Mudge Island can only be accessed by boat or float plane, there is no ferry service to the island, and there are no stores.  However there is internet service, power, cable and telephone which is something that makes Mudge unique.  The island has a private marina that is available to members of Moonshine Cove Marina.  Other resident and visitors arrive and depart the island by boat generally by using a number of public accesses.  The island has a network of gravel roads which allows access to most parts of the island.

 

Mudge has some of the most interesting waters around it, on the northern tip is Dodd Narrows. 

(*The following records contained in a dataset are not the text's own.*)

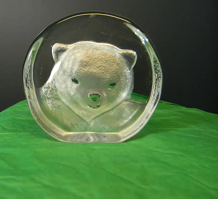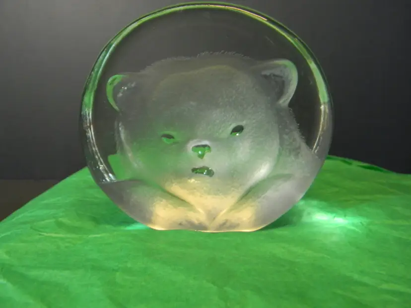 Frosted Glass Bear Art Glass/ Paperweight No chips or cracks used condition see photos The difference in computer monitors actual colors may vary slightly from those shown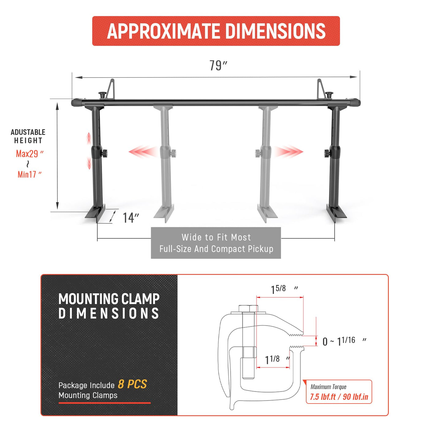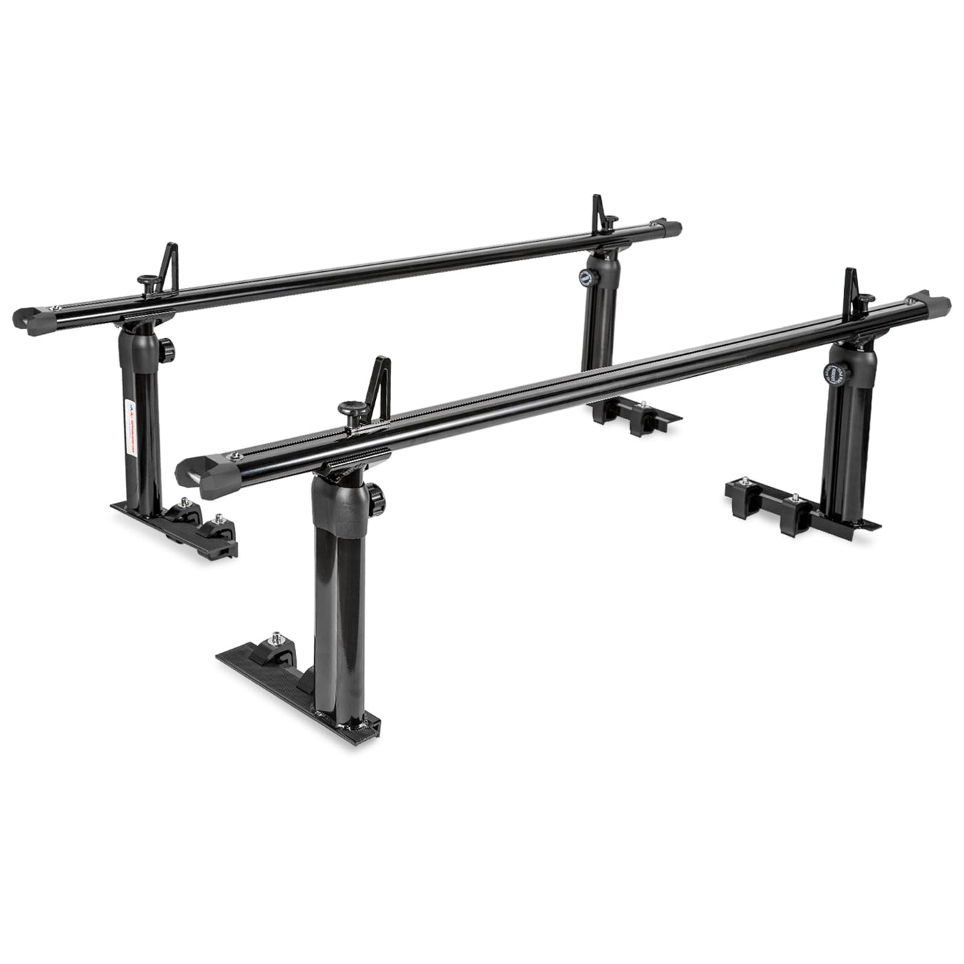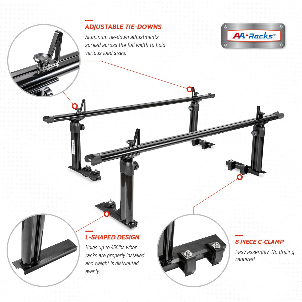 The APX2501 is a Height-Adjustable aluminum pick-up truck rack built for ladder, lumber, kayak utilities carrying. Custom Adjust Bar Height provides maximum carrying versatility for easy loading, carrying and storage.This rack set has been stationary weight-tested with 450 lb loads. It features the rust-free material of aluminum.The Nylon endcaps and stainless steel hook, quick installation and use, make it easy to secure gear. It also comes with eight aluminum C-clamps for non-drilling installation,making it compatible with a variety different truck models. This unit is Powder-coated with weather resistant paint. Built to work & last.
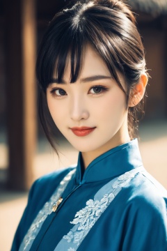 beautiful girl, (smirk:0.4), chinese blue clothes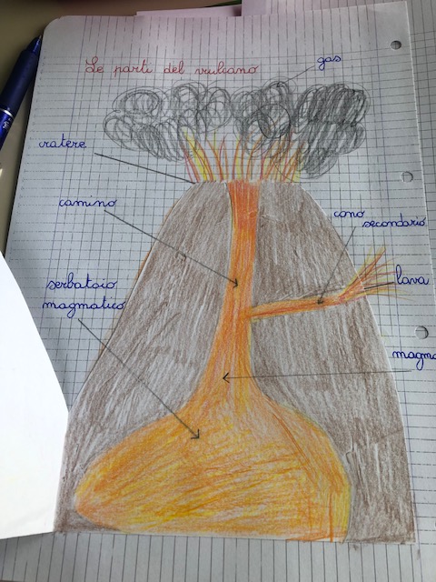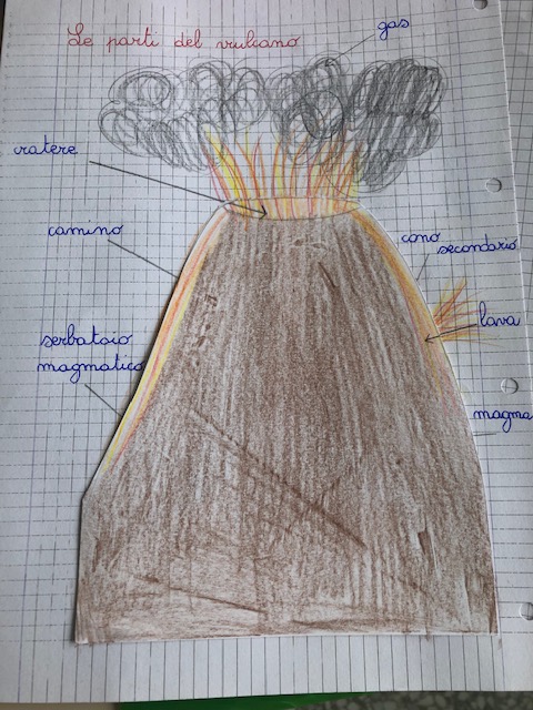 Per meglio sedimentare le conoscenze, chiediamo loro di rappresentare su un foglio un vulcano, sia esternamente sia nella sua struttura interna, inserendo in appositi cartellini le parti individuate in classe.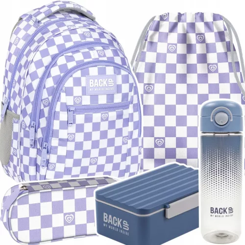 ZESTAW 5 el. Plecak szkolny młodzieżowy BackUP 26 L SZACHOWNICA FIOLET (PLB6O29SET5CZ)

Currents can ebb and flow thru the Narrows at up to 9 knots, causing many whirlpools and back eddies.  A new park for Mudge Island was created at Dodd Narrows in 2016 and it is a favourite spot for many Mudge Islanders to view the rushing waters, to watch boaters of all shapes and sizes navigate the narrow channel or to see boats jockey for position as slack tide approaches.  Word quickly goes out around the island when a pod of whales is spotted approaching Dodd.

 

Lying between Mudge and Gabriola is False Narrows and as it’s name implies there is a reef running thru it that has caused much distress to unwary boaters.

 

Another favourite spot on Mudge is the park at the south end of the island, usually referred to as South Beach or Link Beach.  Looking east from the beach you have a great view of Valdez Island, Gabriola Pass and the mountains of the mainland.  Looking west you see the village of Cedar on Vancouver Island.

 

Mudge and its surrounding waters is a beautiful place,  a little piece of west coast paradise.